╭─ Dataset extract

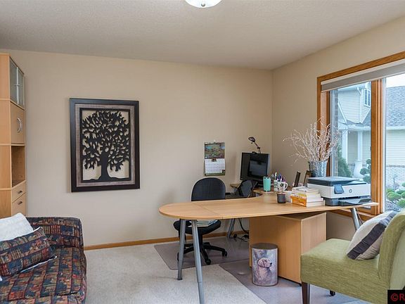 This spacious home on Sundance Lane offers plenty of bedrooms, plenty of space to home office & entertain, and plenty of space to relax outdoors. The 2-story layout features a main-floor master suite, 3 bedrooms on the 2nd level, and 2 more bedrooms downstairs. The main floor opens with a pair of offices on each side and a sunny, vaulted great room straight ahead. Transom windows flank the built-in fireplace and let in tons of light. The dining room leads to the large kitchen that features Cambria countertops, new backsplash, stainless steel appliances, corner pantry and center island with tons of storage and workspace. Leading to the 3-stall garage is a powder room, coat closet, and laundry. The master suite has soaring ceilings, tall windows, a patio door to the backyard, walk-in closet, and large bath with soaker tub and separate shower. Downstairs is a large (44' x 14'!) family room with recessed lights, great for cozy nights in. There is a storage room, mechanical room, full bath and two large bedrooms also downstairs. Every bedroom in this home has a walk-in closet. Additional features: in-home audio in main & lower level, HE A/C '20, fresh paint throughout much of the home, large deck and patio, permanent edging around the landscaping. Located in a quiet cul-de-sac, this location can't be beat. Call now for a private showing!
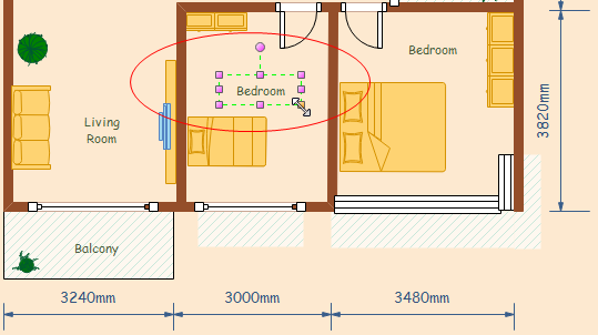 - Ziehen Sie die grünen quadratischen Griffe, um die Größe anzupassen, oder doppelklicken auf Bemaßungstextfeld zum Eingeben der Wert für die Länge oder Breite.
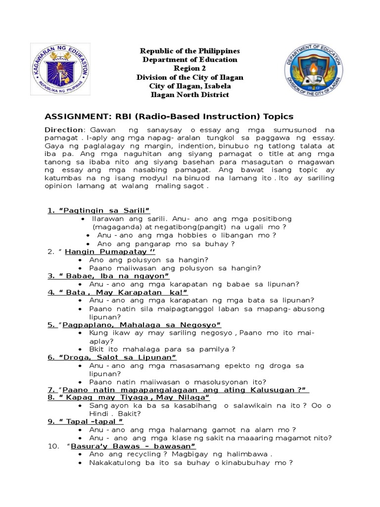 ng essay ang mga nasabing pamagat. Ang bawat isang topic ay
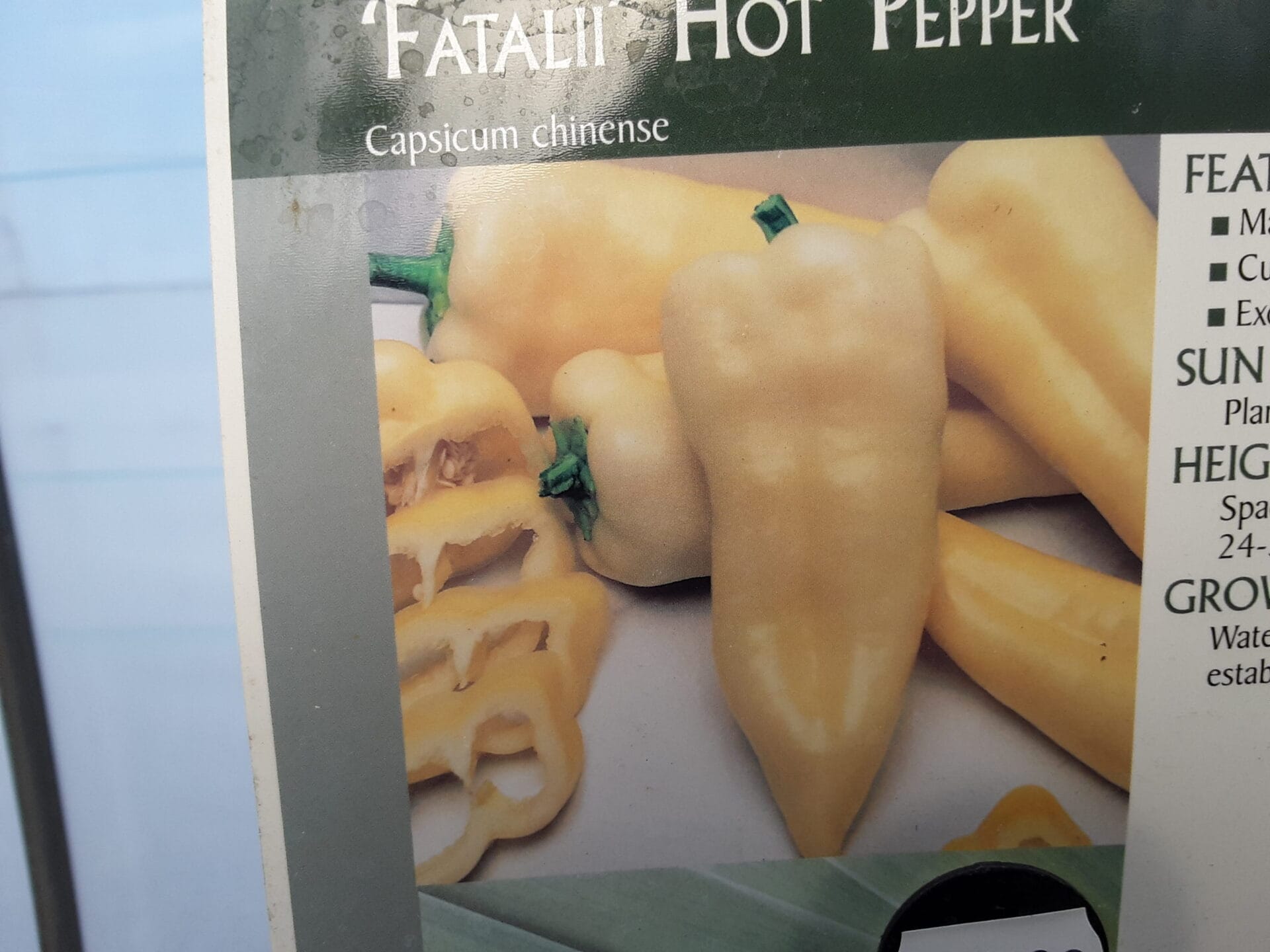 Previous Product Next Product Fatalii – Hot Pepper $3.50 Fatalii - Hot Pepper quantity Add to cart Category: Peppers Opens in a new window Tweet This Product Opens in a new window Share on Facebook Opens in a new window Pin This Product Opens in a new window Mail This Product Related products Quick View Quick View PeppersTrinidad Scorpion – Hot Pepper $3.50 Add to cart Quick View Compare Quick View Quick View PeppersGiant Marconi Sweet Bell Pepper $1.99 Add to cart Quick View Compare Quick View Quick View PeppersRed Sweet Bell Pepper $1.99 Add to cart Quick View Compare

╰─

*Required action:*
Exclude the pictures from the copy. Retype exactly the lines running from the one containing "ng essay ang" through the last line of the listing.

*Finished exercise:*
 ng essay ang mga nasabing pamagat. Ang bawat isang topic ay
 Previous Product Next Product Fatalii – Hot Pepper $3.50 Fatalii - Hot Pepper quantity Add to cart Category: Peppers Opens in a new window Tweet This Product Opens in a new window Share on Facebook Opens in a new window Pin This Product Opens in a new window Mail This Product Related products Quick View Quick View PeppersTrinidad Scorpion – Hot Pepper $3.50 Add to cart Quick View Compare Quick View Quick View PeppersGiant Marconi Sweet Bell Pepper $1.99 Add to cart Quick View Compare Quick View Quick View PeppersRed Sweet Bell Pepper $1.99 Add to cart Quick View Compare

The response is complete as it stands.